*** Begin section ***

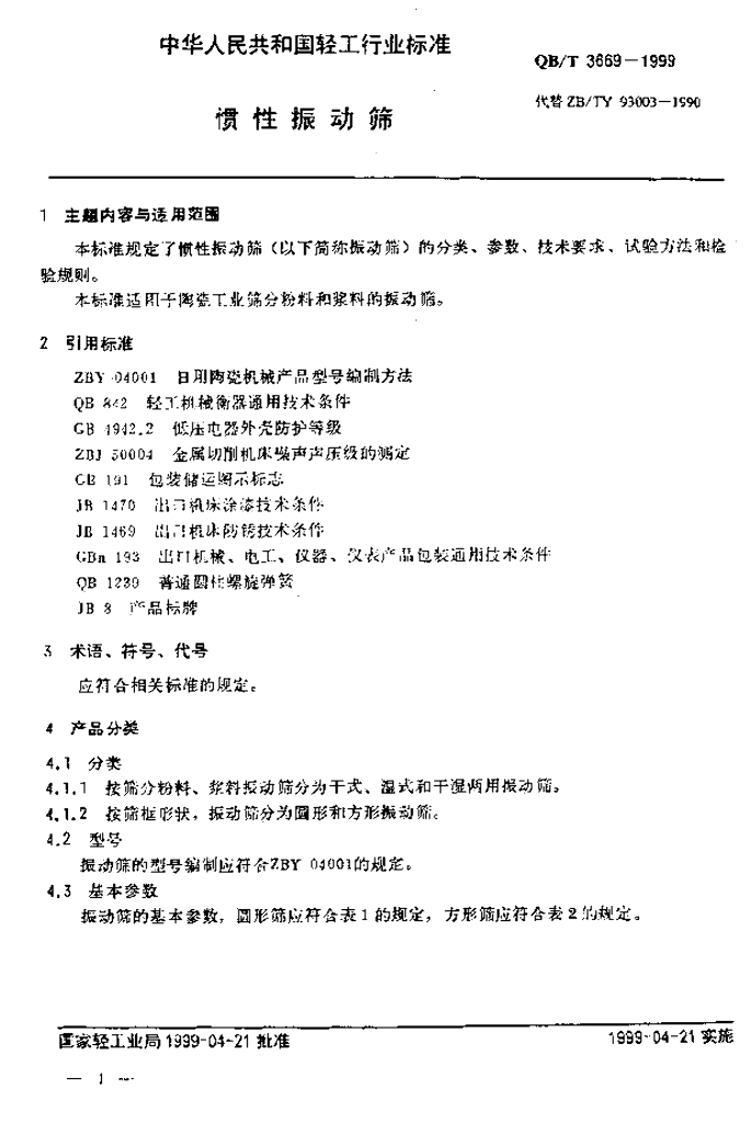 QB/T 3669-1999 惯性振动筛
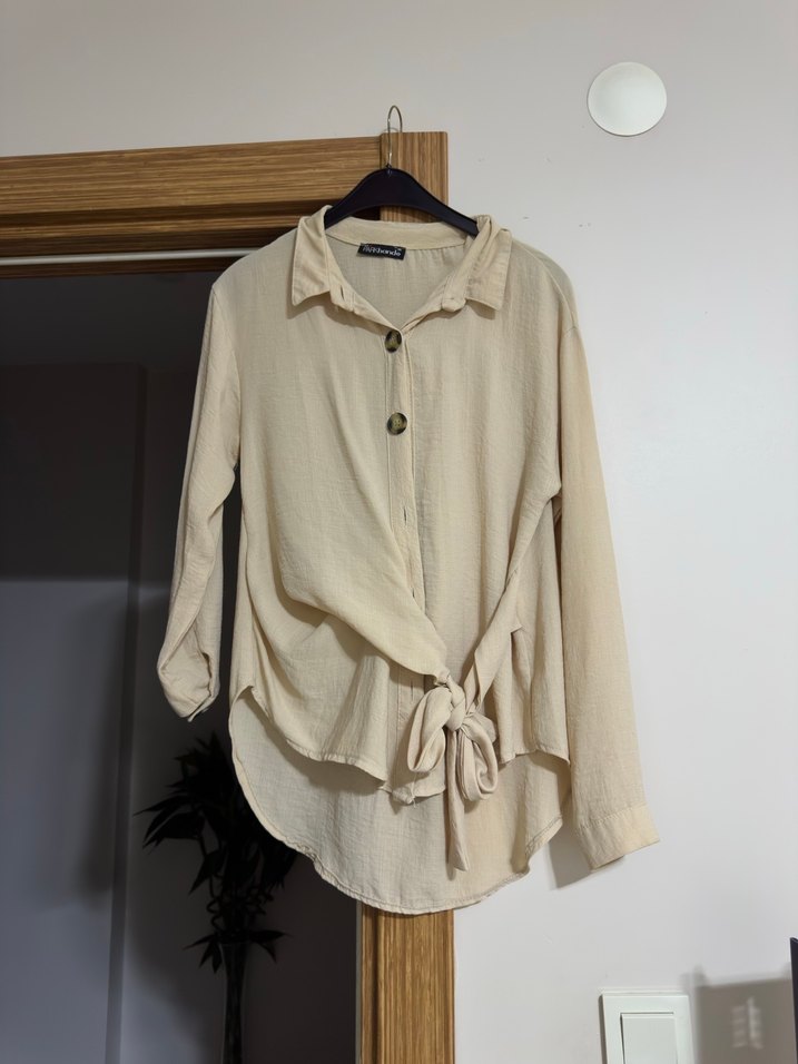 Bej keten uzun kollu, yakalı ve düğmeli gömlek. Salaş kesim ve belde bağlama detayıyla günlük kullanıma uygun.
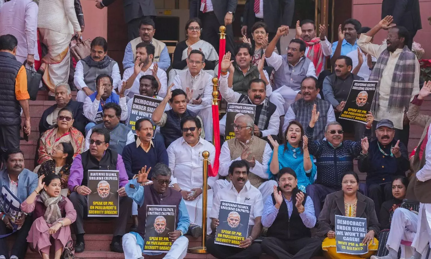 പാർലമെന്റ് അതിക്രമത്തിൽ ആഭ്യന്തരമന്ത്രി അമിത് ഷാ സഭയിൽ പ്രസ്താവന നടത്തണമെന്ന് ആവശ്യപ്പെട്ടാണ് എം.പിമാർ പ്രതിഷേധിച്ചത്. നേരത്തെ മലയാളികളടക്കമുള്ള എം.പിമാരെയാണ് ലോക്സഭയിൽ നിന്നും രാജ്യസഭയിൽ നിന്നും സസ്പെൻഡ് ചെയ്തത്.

*** End section ***
*** Begin section ***

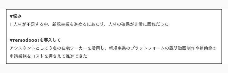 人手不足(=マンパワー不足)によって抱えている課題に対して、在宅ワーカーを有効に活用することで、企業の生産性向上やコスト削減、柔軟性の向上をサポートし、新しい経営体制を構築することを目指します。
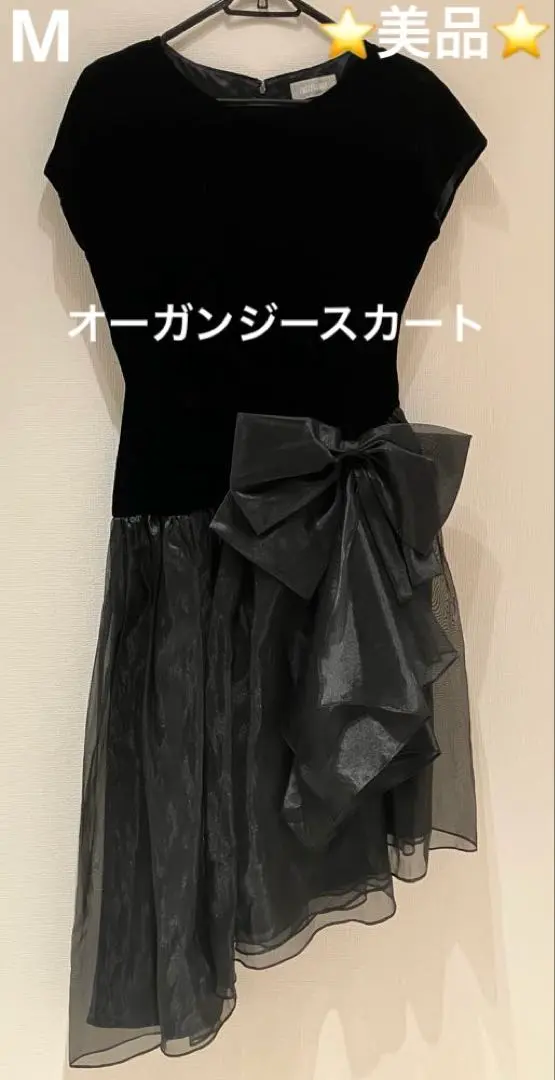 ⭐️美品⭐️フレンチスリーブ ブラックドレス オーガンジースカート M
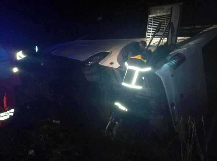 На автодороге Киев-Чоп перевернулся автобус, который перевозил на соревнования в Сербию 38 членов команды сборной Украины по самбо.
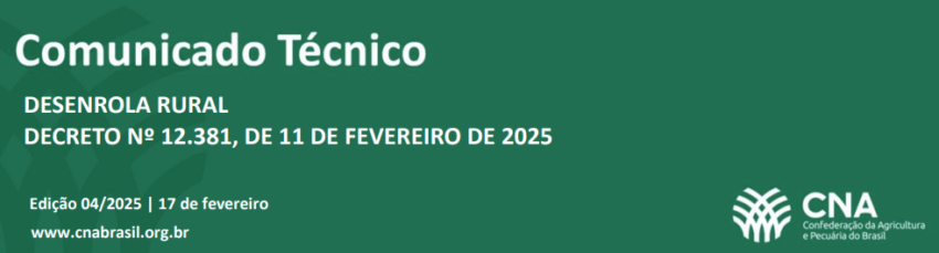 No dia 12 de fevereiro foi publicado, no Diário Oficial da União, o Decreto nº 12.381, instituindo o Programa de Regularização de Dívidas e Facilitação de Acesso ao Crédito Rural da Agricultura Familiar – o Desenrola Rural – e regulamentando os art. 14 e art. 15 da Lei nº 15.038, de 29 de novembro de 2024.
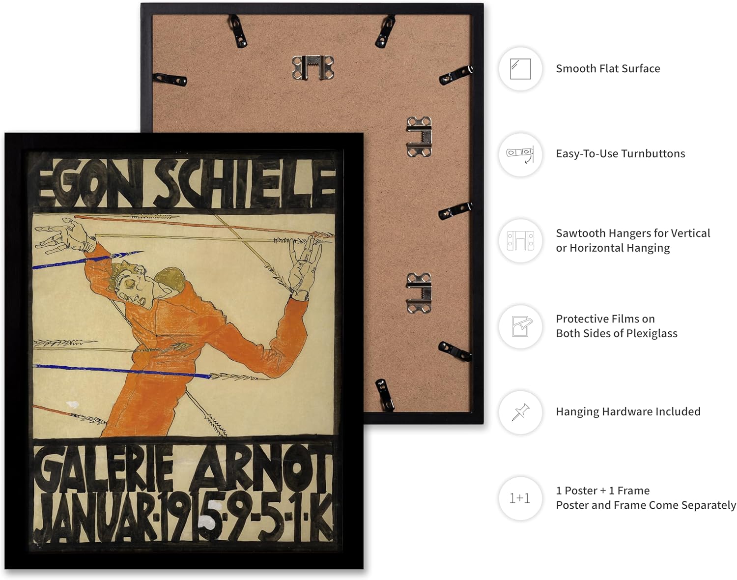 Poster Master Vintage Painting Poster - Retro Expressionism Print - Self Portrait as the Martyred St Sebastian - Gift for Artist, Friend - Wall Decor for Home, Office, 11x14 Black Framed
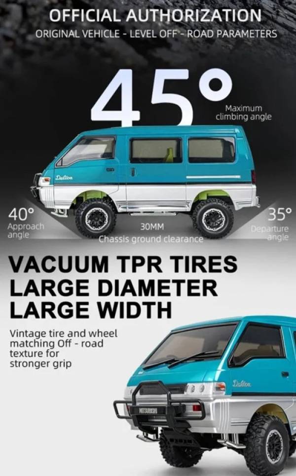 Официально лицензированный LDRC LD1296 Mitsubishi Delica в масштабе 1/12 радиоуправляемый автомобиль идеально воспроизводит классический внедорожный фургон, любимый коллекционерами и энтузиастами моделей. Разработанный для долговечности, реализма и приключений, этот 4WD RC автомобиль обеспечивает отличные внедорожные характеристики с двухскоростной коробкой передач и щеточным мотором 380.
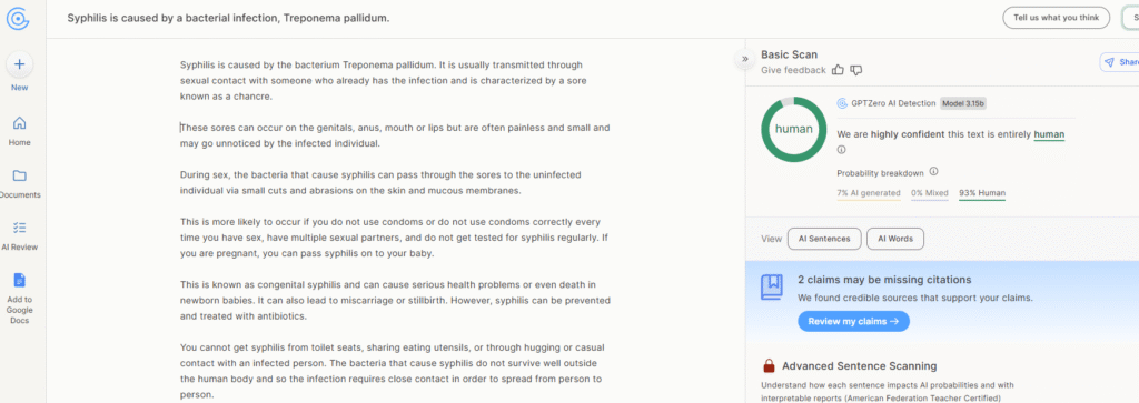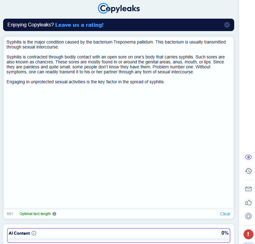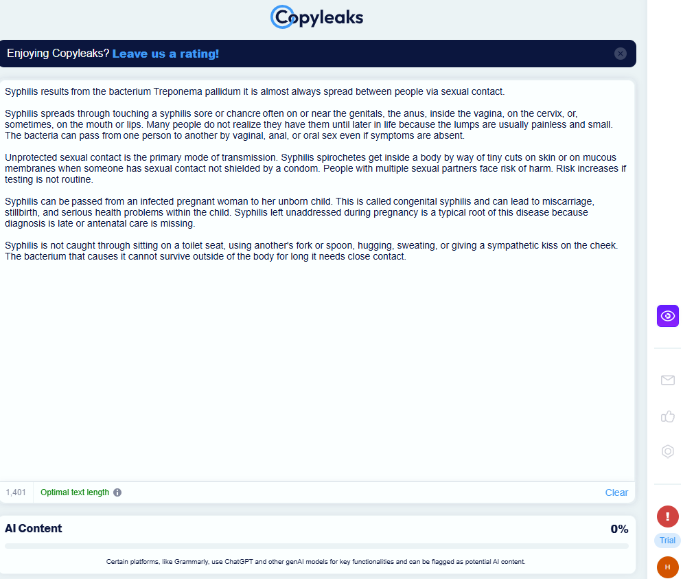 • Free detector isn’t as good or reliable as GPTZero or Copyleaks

*** End section ***

Everything above from the line containing "Официально лицензированный LDRC" down to the line containing "GPTZero or Copyleaks" is to be duplicated exactly, both lines included, and the pictures are to be omitted.

 Официально лицензированный LDRC LD1296 Mitsubishi Delica в масштабе 1/12 радиоуправляемый автомобиль идеально воспроизводит классический внедорожный фургон, любимый коллекционерами и энтузиастами моделей. Разработанный для долговечности, реализма и приключений, этот 4WD RC автомобиль обеспечивает отличные внедорожные характеристики с двухскоростной коробкой передач и щеточным мотором 380.
 • Free detector isn’t as good or reliable as GPTZero or Copyleaks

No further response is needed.